▸ **Input**:
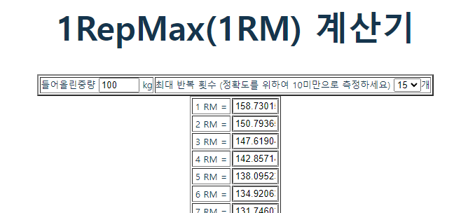 100kg 15회면 1RM 계산기로 할 때 약 160kg을 1RM으로 볼 수 있기 때문에 스쿼트를 1RM으로 160kg 이상은 들 수 있는 것으로 예상할 수 있습니다.
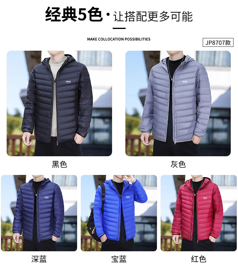 Джип, мужской легкий и тонкий удерживающий тепло пуховик, зимняя бархатная весенняя куртка, официальный флагманский магазин, новая коллекция, утиный пух
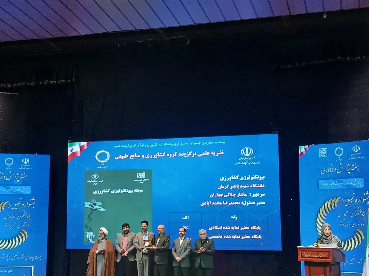 مریم گل آبادی از دانشگاه آزاد با طرح "اصلاح و تولید بذر ارقام هیبرید صیفی جات مهم گاخانه ای" بانوی فناور برگزیده معرفی و تجلیل شد.
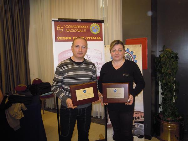 oggi ho partecipato al 65° congresso del vespa club italia fatto a roma,come sempre in compagnia della mia signora, e sono rimasto stupefatto in quanto non ci aspettavamo di arrivare 2 io e 3 qualificata mia moglie nella classifica individuale per club,almeno mi sono ho meglio dire ci siamo appagati del sacrificio fatto,evviva la vespa tra gioie e dolori,a stavolta ci siamo andati in macchina
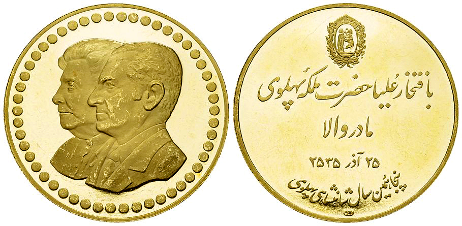 בתמונות המצורפות תוכלו לראות את המטבעות ומדליות זהב, שהוצאו לציון חגיגות היובל לשושלת פהלווי, ע"י הבנק המרכזי האיראני, וע"י בנק Melli הבנק המסחרי הלאומי הראשון של איראן.
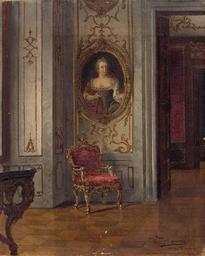 | Keywords: Johann Hamza Interieur mit Porträtbild.jpg Interieur mit Porträtbild Kaiserin Maria Theresia J Hamza “Wien signature/place oil on canvas 34 x 27 cm http //www dorotheum com Dorotheum by 1927 Johann Hamza 1850 “1927 PD-old-70 Images from Dorotheum Johann Hamza Rococo revival paintings Interiors of palaces in art Portrait paintings of Maria Theresa of Austria Ermine clothing in art Schloss Hetzendorf | ||||
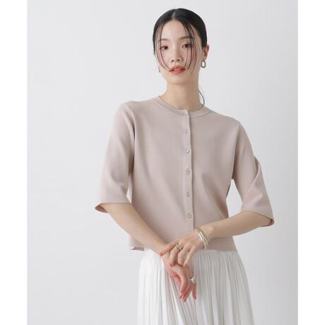 ご好評の洗濯機洗い可・UVカット・接触冷感の機能性が揃った半袖カーディガンが、今年も新色追加で登場!釦を留めてプルオーバーとして着たり、カットソーやノースリーブアイテムの羽織りとしても活躍してくれるので、端境期の春ニットとして重宝します。
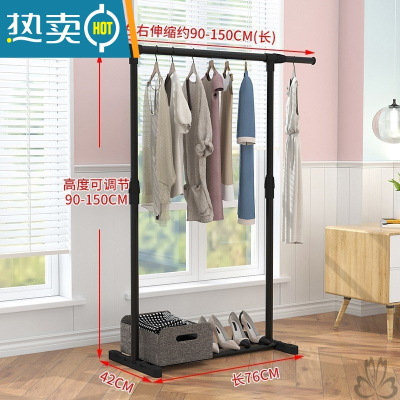 敬平晾衣架落地简易凉衣杆家用卧室内单杆式晒衣架折叠阳台挂衣服架子 大号伸缩(黑色)-无轮子 中晾衣杆
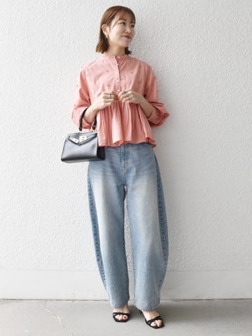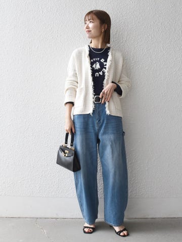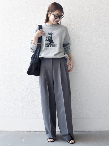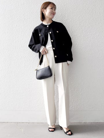 タックパンツと合わせてすっきりと甘さを抑えたスタイリングに◎

▸ **The task**: Pictures stay out. Transcribe the lines from the start of the entries above through the line with "Hetzendorf | ||||", exactly.

▸ **Result below**:
 100kg 15회면 1RM 계산기로 할 때 약 160kg을 1RM으로 볼 수 있기 때문에 스쿼트를 1RM으로 160kg 이상은 들 수 있는 것으로 예상할 수 있습니다.
 Джип, мужской легкий и тонкий удерживающий тепло пуховик, зимняя бархатная весенняя куртка, официальный флагманский магазин, новая коллекция, утиный пух
 مریم گل آبادی از دانشگاه آزاد با طرح "اصلاح و تولید بذر ارقام هیبرید صیفی جات مهم گاخانه ای" بانوی فناور برگزیده معرفی و تجلیل شد.
 oggi ho partecipato al 65° congresso del vespa club italia fatto a roma,come sempre in compagnia della mia signora, e sono rimasto stupefatto in quanto non ci aspettavamo di arrivare 2 io e 3 qualificata mia moglie nella classifica individuale per club,almeno mi sono ho meglio dire ci siamo appagati del sacrificio fatto,evviva la vespa tra gioie e dolori,a stavolta ci siamo andati in macchina
 בתמונות המצורפות תוכלו לראות את המטבעות ומדליות זהב, שהוצאו לציון חגיגות היובל לשושלת פהלווי, ע"י הבנק המרכזי האיראני, וע"י בנק Melli הבנק המסחרי הלאומי הראשון של איראן.
 | Keywords: Johann Hamza Interieur mit Porträtbild.jpg Interieur mit Porträtbild Kaiserin Maria Theresia J Hamza “Wien signature/place oil on canvas 34 x 27 cm http //www dorotheum com Dorotheum by 1927 Johann Hamza 1850 “1927 PD-old-70 Images from Dorotheum Johann Hamza Rococo revival paintings Interiors of palaces in art Portrait paintings of Maria Theresa of Austria Ermine clothing in art Schloss Hetzendorf | ||||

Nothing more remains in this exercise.